When he first declared that plan in February, he spoke with NPR's Renee Montagne about his motivations.

"We're in a juncture right now where bookstores as we have known them are at risk," he said. "Libraries as we've known them are at risk, publishers are at risk, American literature is at risk, as we've known it, and getting kids reading is at risk."

The recent gift marked the third phase of his campaign, and it brings the sum of his donations several thousand past his goal. To date this year, Patterson has donated $1,008,300 to 178 bookstores across the U.S, with no strings attached. Publishers Weekly offers a list of the indies included in the third round, and the School Library Journal details how one of them plans to use the funds.

Patterson himself struck a much more positive note in a statement to the press than in his early interview with NPR.

"Here's to more parents and grandparents coming to their senses and giving their kids books —yes, books — for Christmas and other holidays," he said. "Here's to local governments waking up to the fact that bookstores and libraries are essential to our way of life. Here's to media coverage of books, booksellers, and publishers, and to a wiser, more literate America. Happy holidays to one and all!"

Blume's Back: Judy Blume is set to publish her first novel for adults since 1998. The beloved children's book author has set a June 2 release date for the book, In the Unlikely Event. People magazine offers a few preliminary notes on the plot: It'll be set in Blume's native New Jersey of the 1950s, hewing closely to real-life airplane crashes in the area at the time.

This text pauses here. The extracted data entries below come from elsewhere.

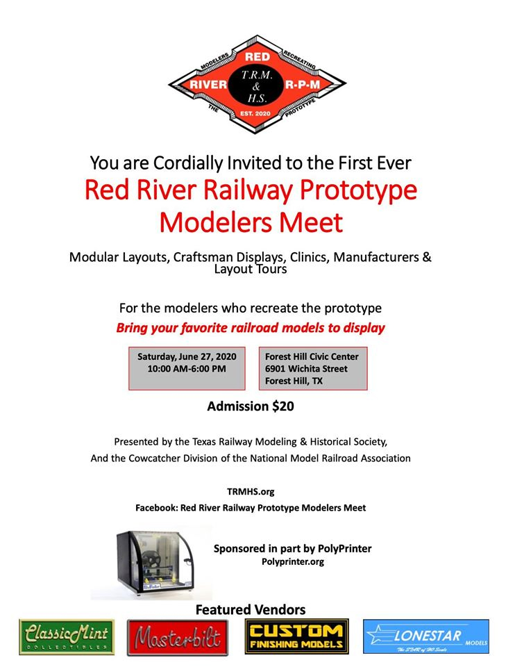We are very pleased to announce the 1/87 Vehicle Club will be participating in the inaugural Red River Railroad Prototype Modelers Meet to be held in Forest Hill, Texas (Ft. Worth, TX area) on Saturday, June 27, 2020. We will be collaborating with the Railroad Prototype Modelers (RPM) group that organizes this show. While primarily a show intended for serious railroad modelers, we want to establish a strong contingent of very high quality 1/87 vehicle models for display. We have elected to capitalize on this presence and participate in the first meet in the Dallas/Ft. Worth area and hope to help make this an annual event. We have secured commitments from several 1/87 vehicle model manufacturers and vendors to appear at this show. Already confirmed are Lonestar Models, Custom Finishing Models, Zycon Models, and Masterbilt Models. We don't anticipate needing advance registration for participation in this show but please remember, this is a first come-first served basis for securing display table space. We would, however, like to gauge interest. It should be noted this is a Saturday only show. For now, check out the latest on the group's Facebook page. |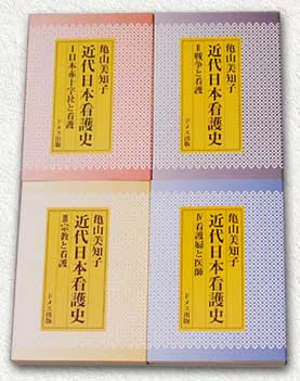 | 亀山美知子 | 1巻 日本赤十字社と看護婦 A5判/315頁/4,000円 ISBN4-8107-0162-X/83.7発行 2巻 戦争と看護 A5判/276頁/4,000円 ISBN4-8107-0187-5/84.9発行 3巻 宗教と看護 A5/288頁/4,000円 ISBN 4-8107-0215-4/85.08発行 4巻 看護婦と医師 A5/352頁/4,000円 ISBN 4-8107-0218-9/85.08発行 |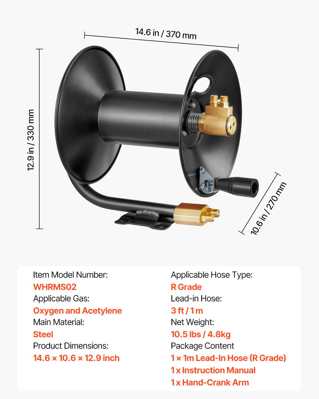 Gas aplicable: oxígeno y acetileno. Manguera de entrada: 3 pies / 1 m. Número de modelo: WHRMS02. Tipo de manguera aplicable: Grado R. Dimensiones del producto: 14,6 x 10,6 x 12,9 pulgadas / 370 x 270 x 330 mm. Peso neto: 10,5 libras / 4,8 kg. Material principal: acero.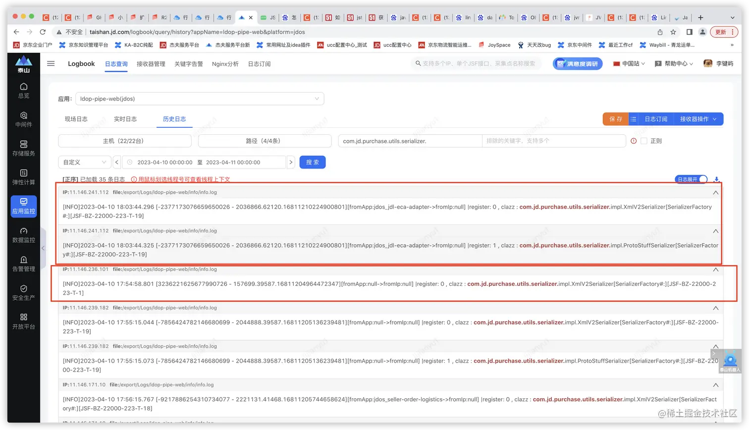 故根据此日志关键字排查初始化加载日志,发现正常机器都加载了两个序列化对象,只有出问题的那个机器只加载了这一个序列化对象。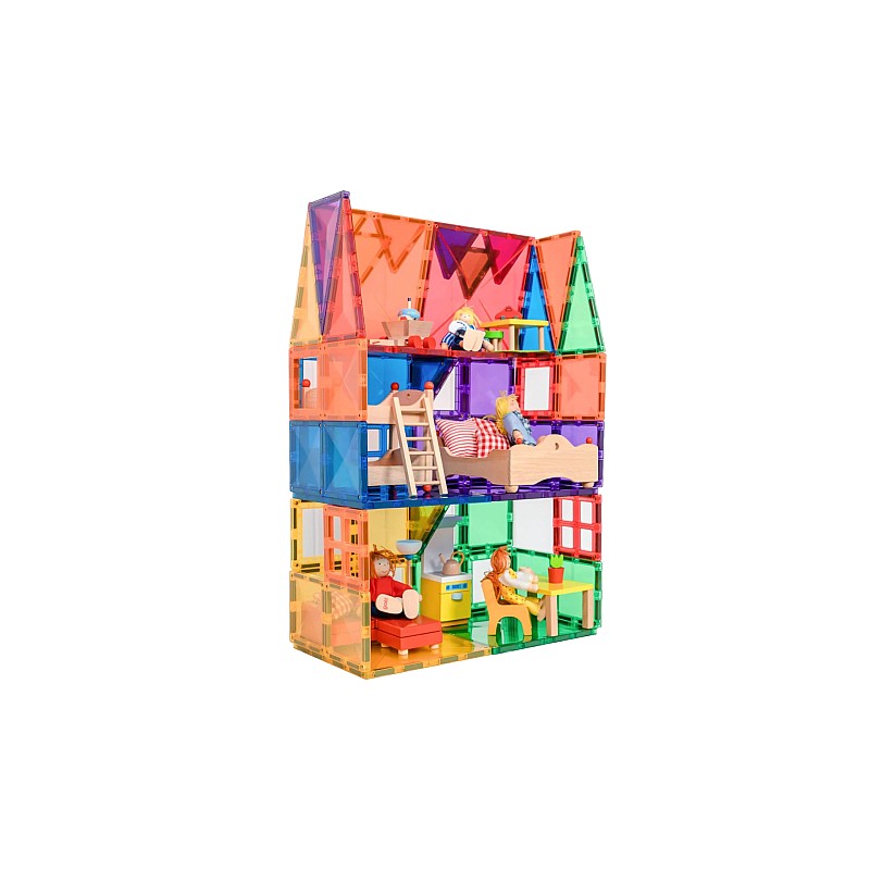 These pieces are made of high-quality clear plastic and are magnetic, which allows for stable and creative structures to be built, stimulating the imagination and cognitive skills of little ones.

Kids' Lit To The Rescue: The Association of American Publishers has tallied book sales for the first three quarters of 2014, and the numbers are likely to leave publishers smiling. GalleyCat reports that through September, total net revenue is up by 4.9 percent compared to the same period last year. The modest gains are driven in large part by a 22.4 percent surge from children's and young adult literature.

Teens Prefer Print: As long as we're on the topic of numbers, here's another interesting one: In a recent study from Nielsen, about 20 percent of teens aged 13 to 17 reported they would buy e-books — a number that lags significantly behind the other age groups in the poll.

The Nielsen blog offers the gloss: "While younger readers are open to e-books as a format, teens continue to express a preference for print that may seem to be at odds with their perceived digital know-how."

Merriam-Webster Gets Cultured: In picking its word of the year, Merriam-Webster dispensed with the hot-blooded newcomers and went with a classic instead: "culture." The dictionary picked the word for its sharp increase in usage — lookups have risen 15 percent over last year, according to The Associated Press — and that rise could have something to do with its sheer versatility (or its ambiguity).

Peter Sokolowski, editor-at-large for the dictionary, told the AP that the word is like a "chameleon," explaining, "When you put it next to another word it means something very different."

Whatever its meaning may be, "culture" has company. Oxford Dictionaries has picked "vape" for the word of the year; Collins English Dictionary selected "photobomb"; Chambers Dictionary got "overshare" and went with "exposure." These, folks, are the defining words of our year.